Here comes the European ePrivacy Regulation – the GDPR’s forgotten sibling
By now, we’ve all heard about the GDPR and its May deadline. However, in the background, the European Commission have something else waiting in the wings that is no less important to marketers – the ePrivacy Regulation.
What is it?
The current ePrivacy Directive (implemented in the UK as the Privacy and Electronic Communications Regulations 2011) will be repealed in favour of this new ‘Regulation’ and will apply directly across all EU markets.
The ePrivacy Regulation will work in tandem with the GDPR, enhancing it in light of technological developments (specifically the “Internet of Things”). The regulation is designed to complement the GDPR to provide internet users control over all their data and to ensure that businesses handle data with care. It also comes with those same hefty fines.
The GDPR comes into force on 25 May 2018 and this regulation is scheduled to come into force alongside it. However, as yet, the Regulation has not been finalised.
What does the law cover?
The previous directive was often referred to as the “cookies law”. This new regulation has a much broader scope: here are the key parts of the regulation.
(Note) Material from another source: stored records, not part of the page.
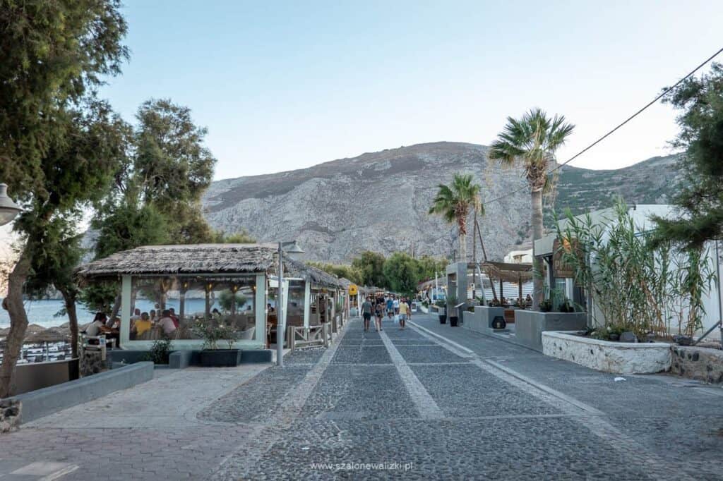 Nie ma tu urywających głowę widoków jak w Oia, chociaż położenie w cieniu drzew z widokiem na jedną z niewielu łagodnych, piaszczystych plaż na Santorini jest wystarczającą rekomendację.
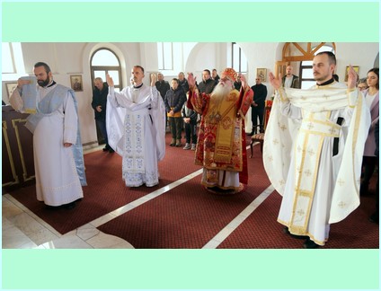 Свету архијерејску литургију са почетком у 09:00 часова служио је Високопреосвећени митрополит дабробосански Господин Хризостом, а уз саслужење протојереја-ставрофора: Јадрана Даниловића и Чедомира Ђелме, протојереја Милорада Милинковића, јереја Немање Лакића и ђакона Будимира Гардовића.
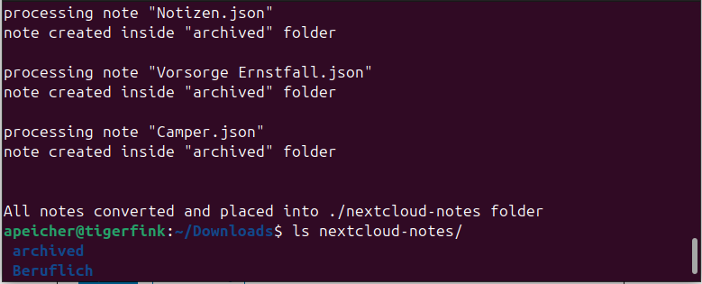 Am Ende liegt in einem neu erstelltem Ordner “nextcloud-notes” das Ergebnis der Migration. Dieser Inhalt will jetzt nur noch auf die Nextcloud Instanz hochgeladen werden, in den Ordner “Notizen”. Am einfachsten funktioniert dies, wenn man den ganzen Inhalt markiert und per Drag-and-drop in Nextcloud im Browser zieht.

In short, the proposal is to do away with annoying cookie banners and move the privacy notices into the browser. You will be able to select your default privacy settings when setting up the browser.
And which cookies count? It’s been suggested that cookies required for analytics or for improving the site experience may not be included but until we see the final regulation, there’s nothing guaranteed.
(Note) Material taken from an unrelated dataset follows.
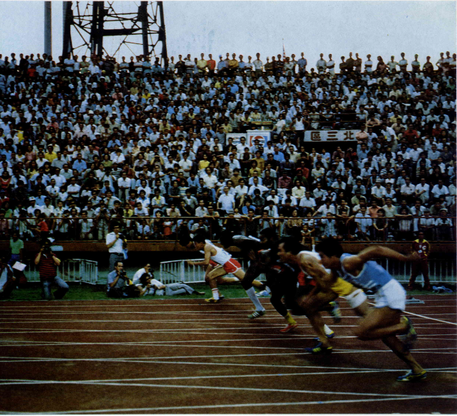 比賽舉行的場地——臺北體育場,自然更經過細心的整理與維護,跑道內綠草如茵,紅色的人工跑道上畫上了清晰的白線,看臺四周各國旗幟隨風飄揚、構成了一幅壯麗悅人的圖畫。

The previous directive covered the typical communications channels of the time, eg emails. However, the new regulation expands this significantly to encompass the Over-The-Tops (eg social media messaging services such as WhatsApp) and Voice Over Internet Protocol providers (eg video and audio services such as Skype).
The aim is to provide more stringent consents over these channels – both for the content of the communications and the metadata (data processed by the electronic communications network for the purpose of transmitting, distributing and exchanging the content) attached to those communications.
The soft opt-in is sticking around although it can only be retained in limited circumstances, e.g. sending promo messages to existing customers to offer similar products or services. However, the opportunity to opt-out through unsubscribe messages and interactions still needs to be available.
One of the most ambiguous aspects of the regulation is around B2B marketing communications and whether consent is required when it comes to corporate email addresses. If it is a named corporate email address, does this fall within the personal identifiable data outlined by the GDPR?
It seems there is a choice to be made by B2B marketers over whether to seek out consent or to hedge their bets on legitimate interest.
What do we do about it?
From an agency perspective, there are various aspects of this regulation that will need to be factored in to what we do and how we work but the cookies element is an important one. Banners aside, we need to consider the potential impact of this on even simple activities like A/B testing.
The industry’s key focus right now is the GDPR compliance, given the hard stop in May 2018. However, with the ePrivacy Regulation still to be finalised, we need to keep this forgotten sibling in the corner of our eye.
Richard Madigan is digital marketing consultant at MMT Digital.